Like Mom, I was an academic striver. The first grader who wanted all As still wanted As in high school. I liked school, but I also knew how to follow directions and turn my work in on time. I made careful considered choices on multiple choice tests and stapled the pages of my essays together. Mom expected a good college and a scholarship.

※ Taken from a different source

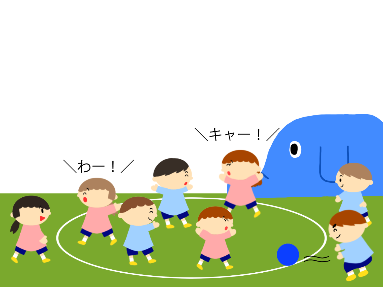 - ボールに親しみ、感触や跳ね方、危険性などある程度理解している。

I socialized with the wild crowd of kids who weren’t in accelerated classes but had good parties. My parties in the basement recreation room of the small house where Mom and I lived in Dearborn, Michigan were the best. My friends and I played Motown records and danced as late as we wanted. At one of these parties, the summer before my senior year, a college boy named Jack showed up.

Elaine and Jack, 1967

Elaine and Jack, 1967

“I was worried about the twinkle in his eye,” Mom told me later, but she didn’t try to stop the romance. Jack was a first generation college student from an Italian family, a 5’8” muscular twenty year old whose father worked in the Ford Motor factory.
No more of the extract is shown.